When communication speed is not high priority, it is helpful to minimize wiring by using a serial communication protocol. It is named so because bits are sent one at a time, one after another. The Serial Peripheral Interface (SPI) is a common way of doing so. SPI turns words into a stream of bits and vice-versa. To send an entire word through the serial output, a programmer need only write the word into the SPI data register, and the hardware takes care of converting into a bit stream.

SPI is a synchronous protocol, so it requires a clock signal to indicate when each bit of data sent should be latched-in to the receiver. SPI defines devices that act in two distinct rôles: A master device is responsible for directing operations by asserting a slave select line, driving the clock, sending data on a MOSI (master out, slave in) pin, and optionally listening to input on a MISO (master in, slave out) pin. A slave device responds to operations when its slave select pin ($\bar{SS}$ or NSS) is asserted, reads data on the MOSI pin, and sends data on the MISO pin on each clock pulse. Because SPI is synchronous, there is no need for devices to agree, in advance, on a particular baud rate to communicate with each other. As long as the master device does not drive the clock at a frequency that is higher than a slave device can tolerate, data will be received correctly.

1.1: Instructional Objectives (100 points total)

1.2: Hardware Background

1.2.1: Shift Registers and 7-Segment Display

In Lab 7, you built an eight-character display out of multiplexed 7-segment LED displays. Since then, you have been using it through a parallel interface — you need to output 11 bits on Port B at the same time in order to display a character at a particular position. To reduce the number of STM32F091RC pins needed to drive your display, it is possible to use external shift registers as a serial interface for it.

Since each 74HC595 shift register in your lab kit only provides 8 output pins, you will need to cascade two together to effectively build a 16-bit shift register. Connect the serial input of one 74HC595 shift reigster to PB15 (MOSI). Connect the serial input of the other shift register to the serial output (Q7’) of the first. Tie both shift register clock inputs (SH_CP) together, and connect them to PB13 (SCK). The outputs of the shift registers replace your previous Port B connections.
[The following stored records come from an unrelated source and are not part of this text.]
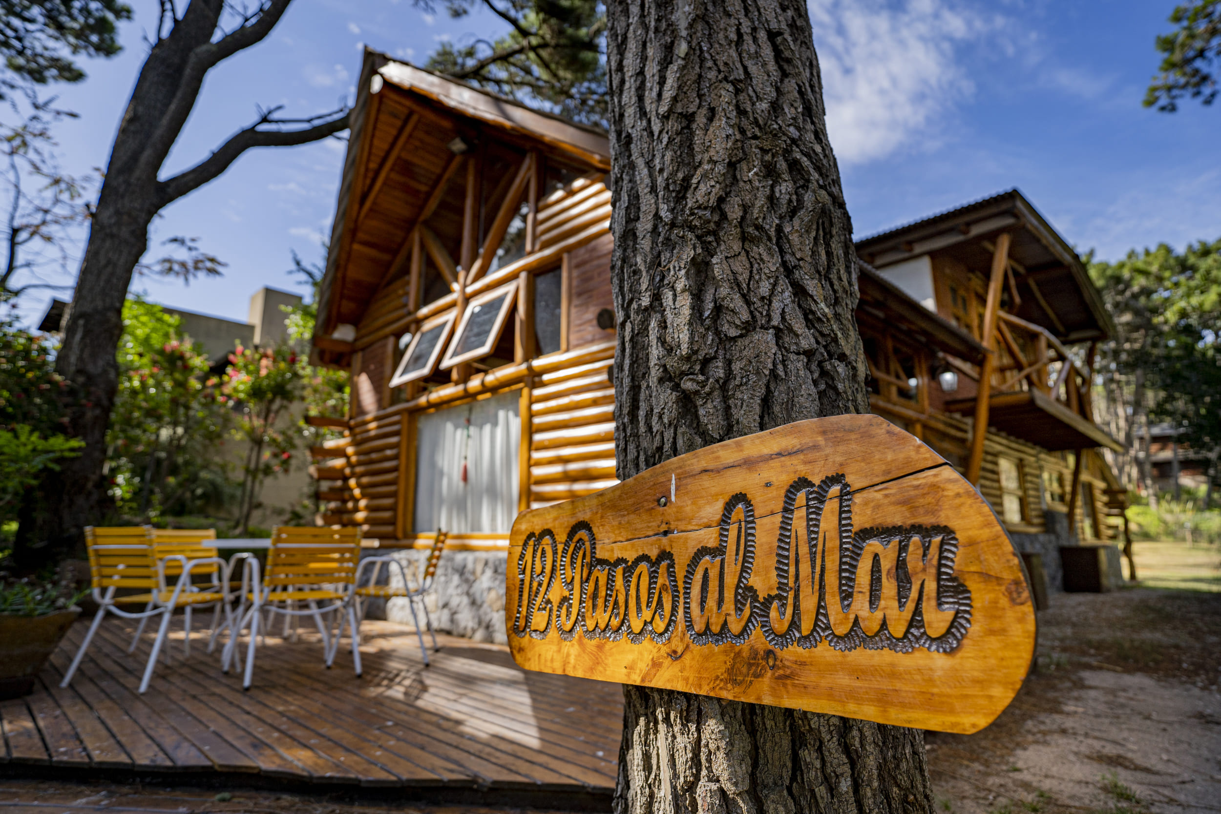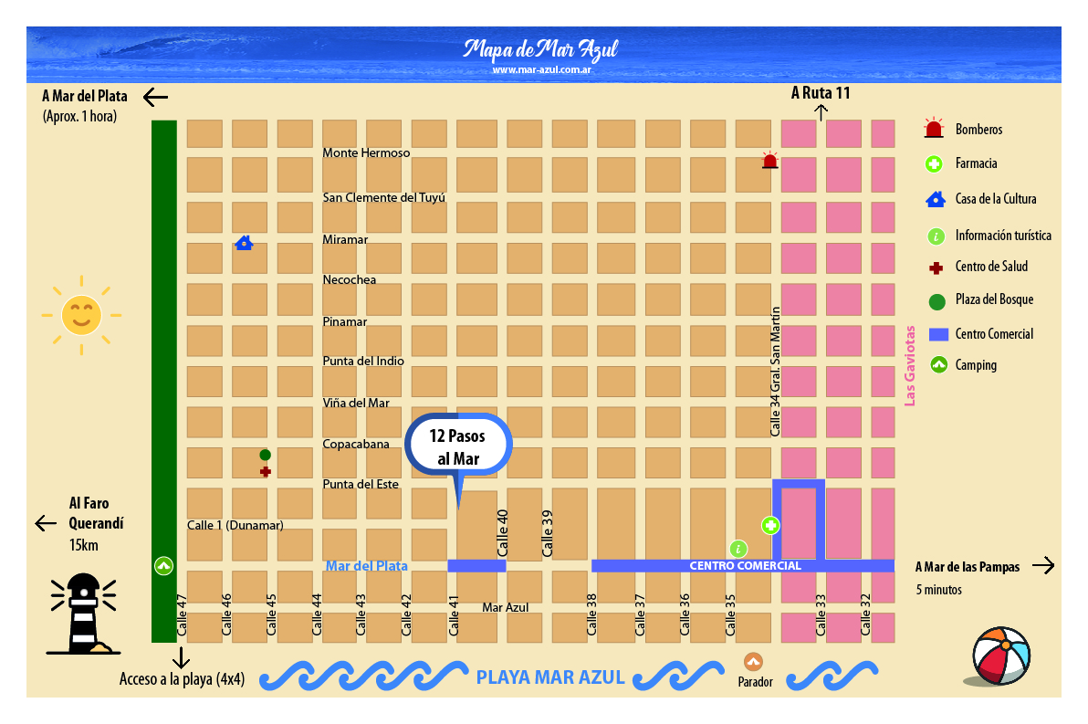 Cabañas 12 Pasos al Mar, ubicadas a media cuadra de la calle principal (Avenida Mar del Plata) y a dos cuadras de la playa.
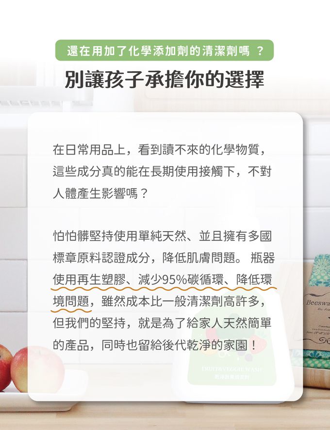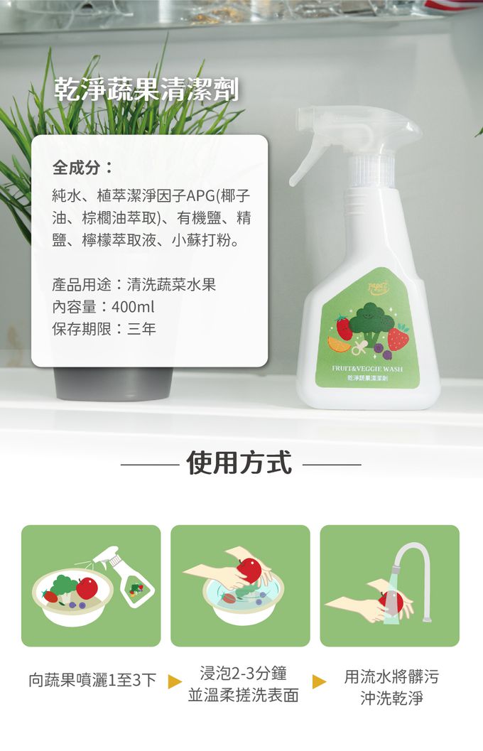 主要成份:純水、植萃潔淨因子APG(椰子油,棕梠油萃取)、有機鹽、精鹽、檸檬萃取液、食品級蘇打粉。
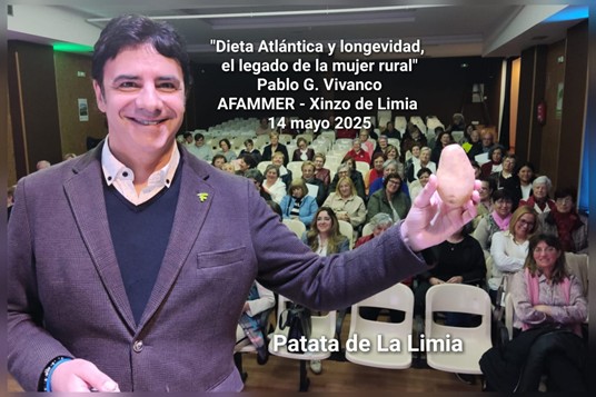 La semana pasada se celebró en Xinzo una jornada organizada con la asociación de familias y mujeres rurales, Afammer y con la colaboración de la Escola Rural de Saúde da Limia, en la que se puso en valor del trabajo de la mujer rural y su papel importante en la custodia de los alimentos de proximidad y de nuestras costumbres. En su intervención, el farmacéutico y nutricionista Pablo García Vivanco, hizo un alegato sobre las propiedades nutricionales de las patatas, algo que ya adelantó en sus publicaciones científicas.
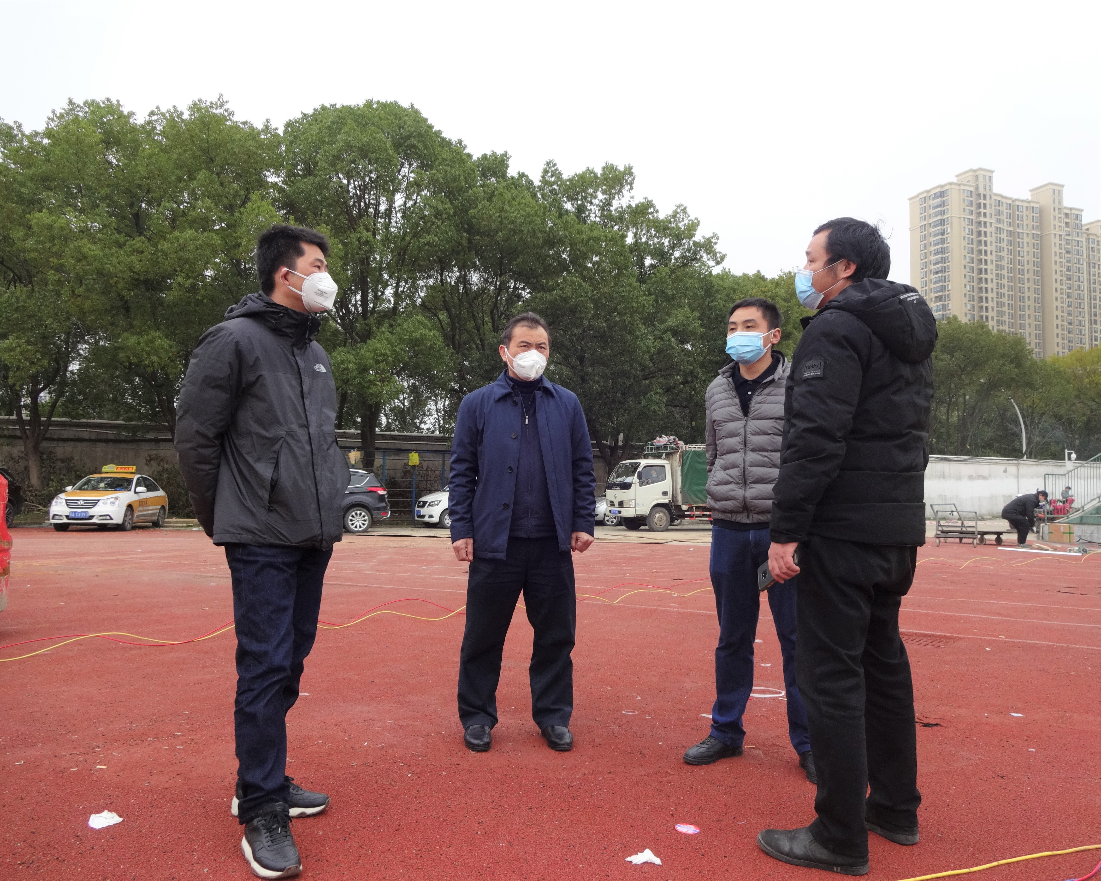 3月1日晚接到建設(shè)任務(wù)后,漢陽市政黨委書記、董事長嚴悌文,總經(jīng)理虞志鵬,常務(wù)副總經(jīng)理王智高連夜組建施工專班,親赴現(xiàn)場進行考察并確定施工方案。當晚,項目人員組織材料進場直至凌晨1點,最終從40公里以外的漢陽開發(fā)區(qū)將木芯板、門板、鋼立柱、焊接方管等施工材料全部運送進場。漢陽市政致遠公司、博宏公司共計投入40余名管理人員、300余名工人參與施工。經(jīng)過緊鑼密鼓的籌備工作,現(xiàn)場施工有序進行,板房吊裝、隔斷安裝、水電、化糞池均同步進行施工。
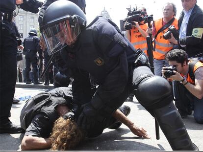 121 heridos en una contundente carga policial que despejó la plaza de Catalunya durante dos horas - 10.000 personas participaron anoche en la cacerolada
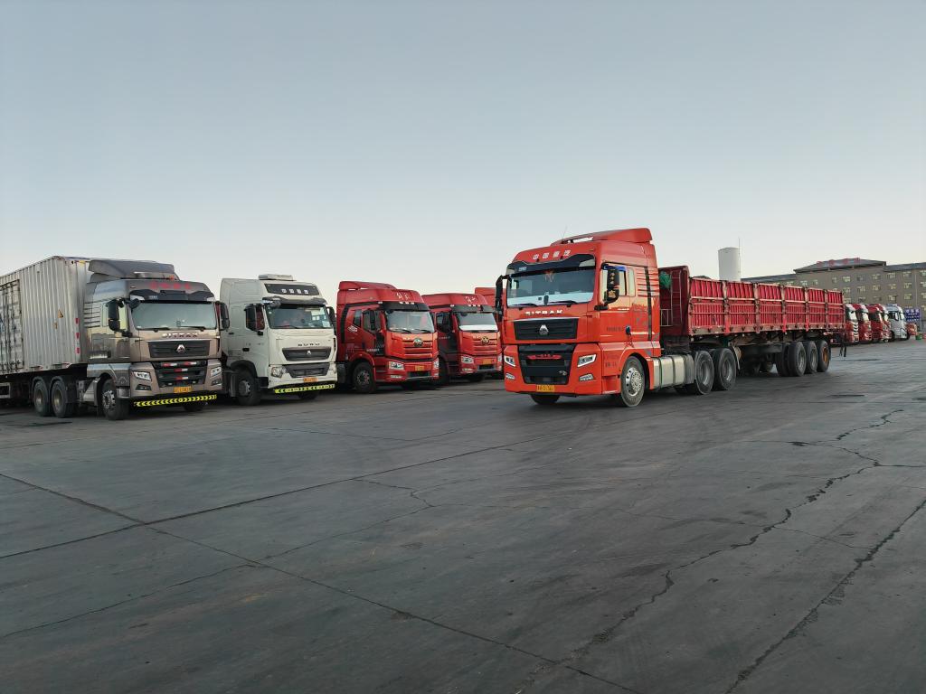青海省格尔木昆仑物流园内的货车整齐排列。新华社记者 王浡 摄
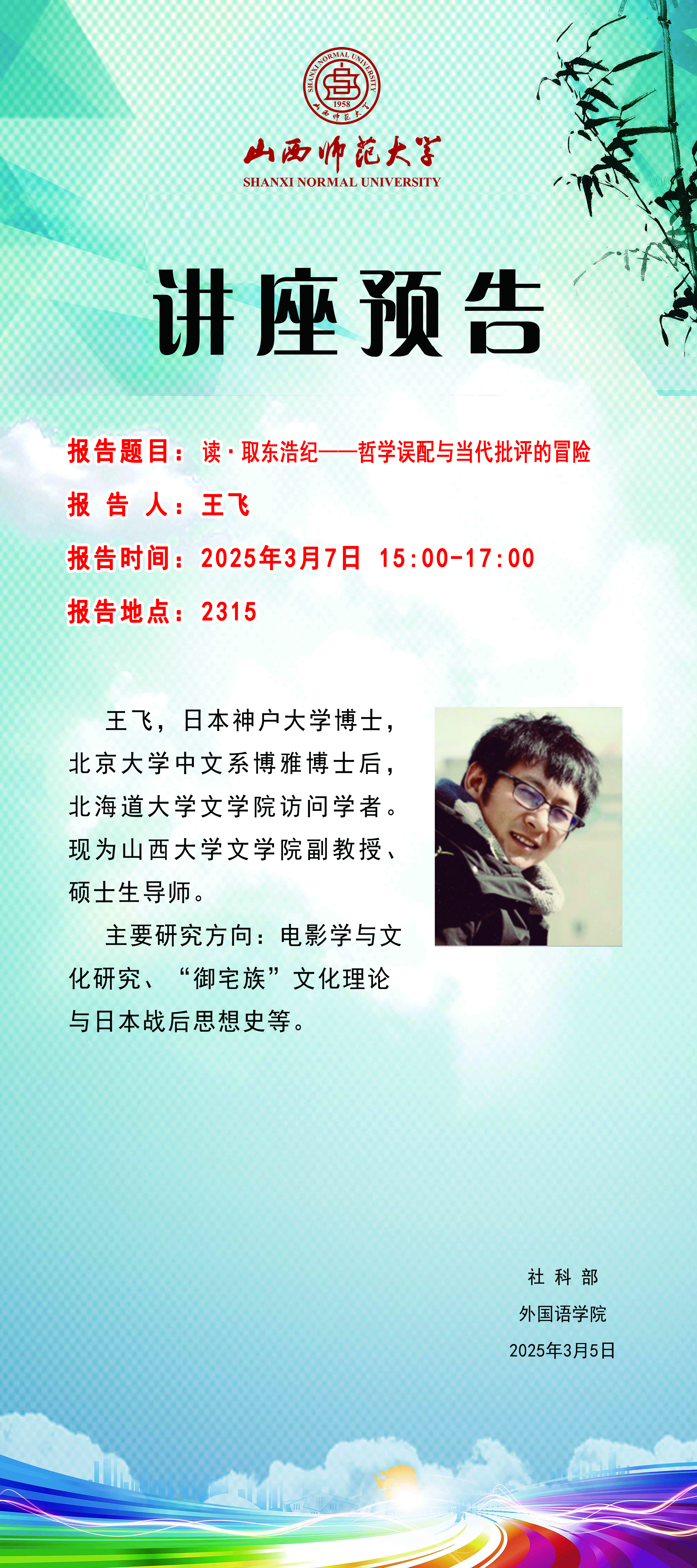 【预告】山西大学王飞副教授应外国语学院邀请作学术报告
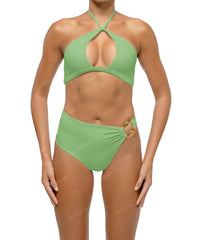 - Detail Feature: Halter bikini top, Bust cut-out detail, Twist detail, Pull on style
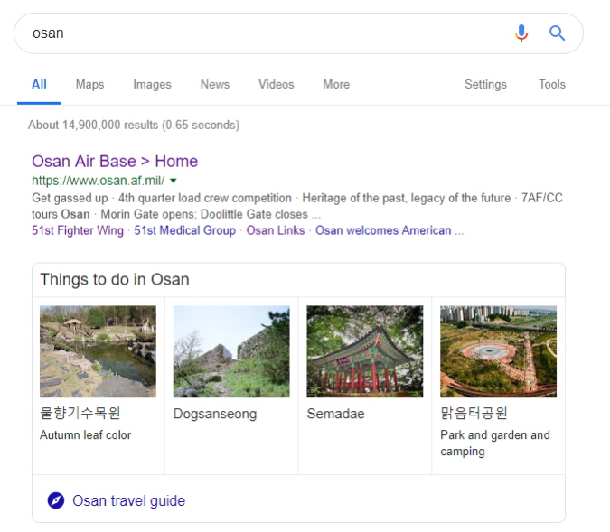 그리고 마지막 글로벌하게 Osan 을 검색해보았습니다 !! 아쉽게도 Osan 의 영문지역명은 검색이 되지 않네요. 그 검색의 중심에선 Osan Air Base ! 지난번 기사화했던 오산 공군 비행장이 대부분 검색됩니다. ^^ 그럼 시민분들도 오산과 관련하여 잘 알고 있는 내용이 있다면 댓글로 공유해주시면 더 좋을 것 같네요 !
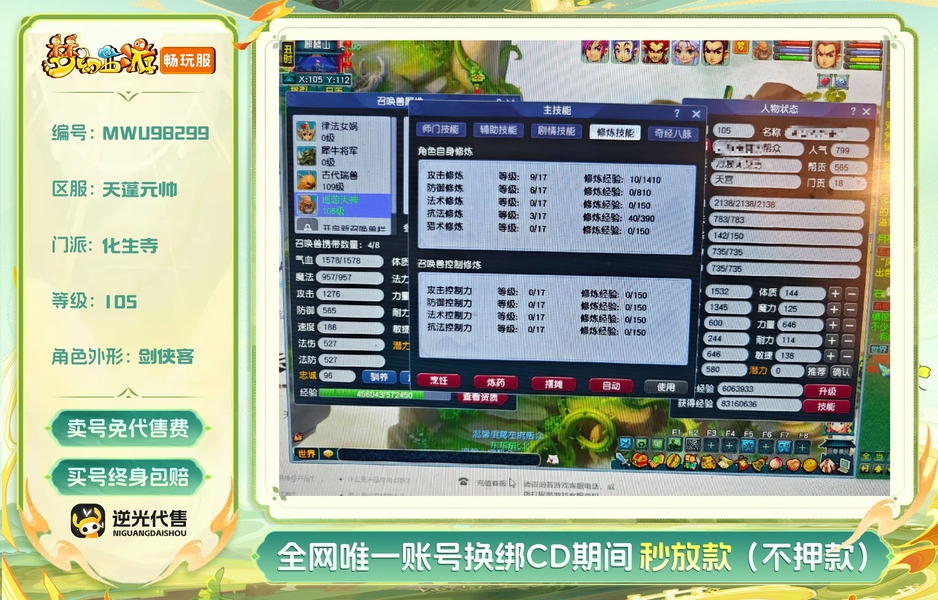 等级:105 | 五庄观,盘丝洞,魔王寨,化生寺,天宫 | 存在换绑CD | 180天尊享特权 | 男 | 【逆光代售卖号0手续费】【买号找回永久包赔】
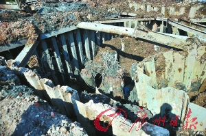 隨后,記者走近樁基大坑邊沿查看,只見大坑深約5米左右,坑內已造好12根橋墩支撐柱,而坑壁都是由鋼鋁墻負責擋土,但地陷造成鋼鋁墻的一處出現(xiàn)裂口,大量泥土注入坑內,而鋼鋁墻的其他幾面也出現(xiàn)不同程度的多處扭曲。期間,有泥土不時滑入大坑內。
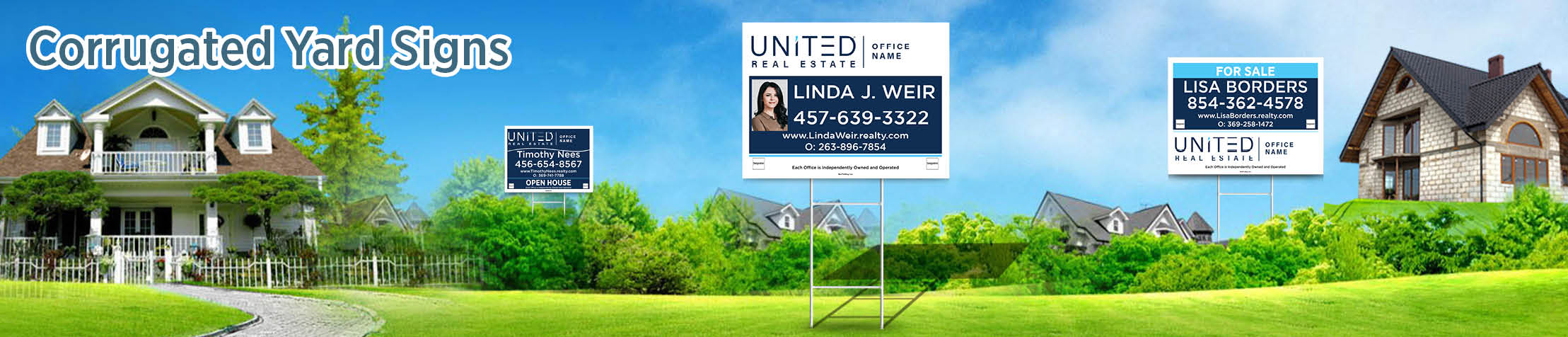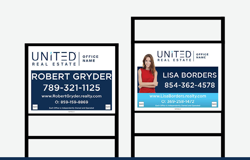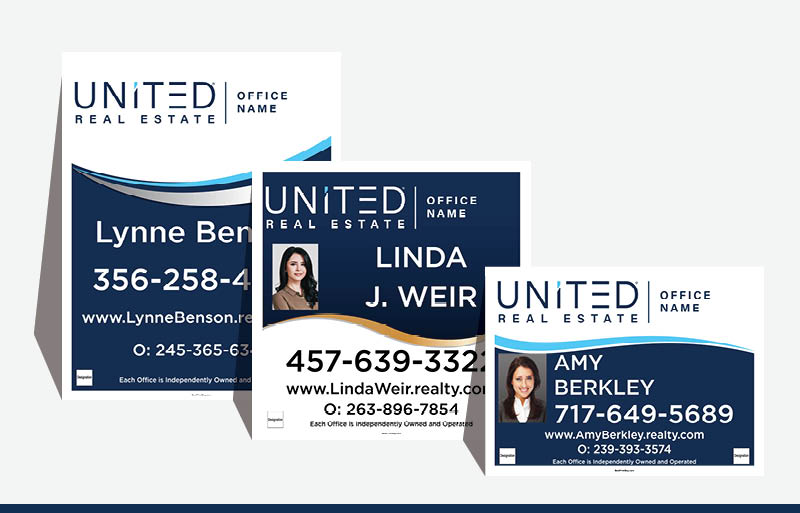 Nothing grabs attention like a United Real Estate Real Estate yard sign. Whether it’s interested buyers driving around their dream neighborhoods or looky-loos stopping in to check out an open house, an eye-catching real estate yard sign is the best way to capture the attention of people who are in the market and ready to buy. Our simple designs and one-step process make BestPrintBuy.com the perfect choice for all your real estate marketing needs.
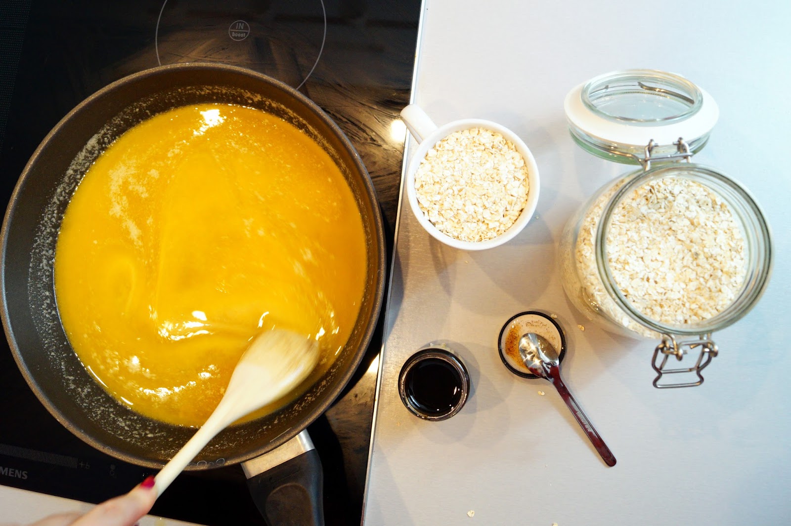 ^put the butter, brown sugar and vanilla extract into a pan to medium heat and stir until sugar is melted^

Note: You may find it useful to place the 74HC595 shift registers on your breadboard upside-down, so the outputs of the shift registers are facing the inputs of the decoder and sink driver.

The output pins of each 74HC595 shift register are gated by an internal storage register. In order to update outputs, the storage register must be clocked (by asserting ST_CP). Tie both storage register clock inputs together, and connect them to PB12 (NSS). With SPI, you can simply use NSS as the storage register clock. Since NSS will be deassarted (set HIGH) at the end of every message in pulse mode, the shift registers will output new data.

74

1.2.2: SPI Protocol for OLED LCD Display

A controlling computer uses three pins to send data to the SOC1602A LCD. First, for any communication to take place, the CS pin must be asserted low. This corresponds to the NSS (negative slave select) line of the STM32. Since we are using only one SPI slave device, the STM32 will be the master device for all SPI protocol operations, and we can use automatic NSS protocol to control the display. Data is sent to the display on its SDI pin, and it is “clocked in” on the rising edge of the signal on the SCL pin. Each transfer must be terminated by deasserting (setting high) the CS pin.

Most SPI devices use a 4-, 8-, or 16-bit word size. The SOC1602A uses a 2+8-bit word size to send two bits of configuration information plus an 8-bit character on each transfer. The first two bits are, respectively, the register selection and read/write. Since we will always be writing data to the display and never reading it, we will always make the second bit a ‘0’. The register selection determines whether a write is intended as a command or a character to write to the display. Commands are needed to, for instance, initialize the display, configure the communication format, clear the screen, move the cursor to a new position on the screen, etc. The SOC1602A implements an old and well-known LCD protocol. You may see it in many other two-line LCD modules. There are many commands that can be used to implement complex operations on the SOC1602A that we will not use for this lab experiment. For the sake of this lab, we will be concerned only with the initialization sequence, moving the cursor, and writing characters to display.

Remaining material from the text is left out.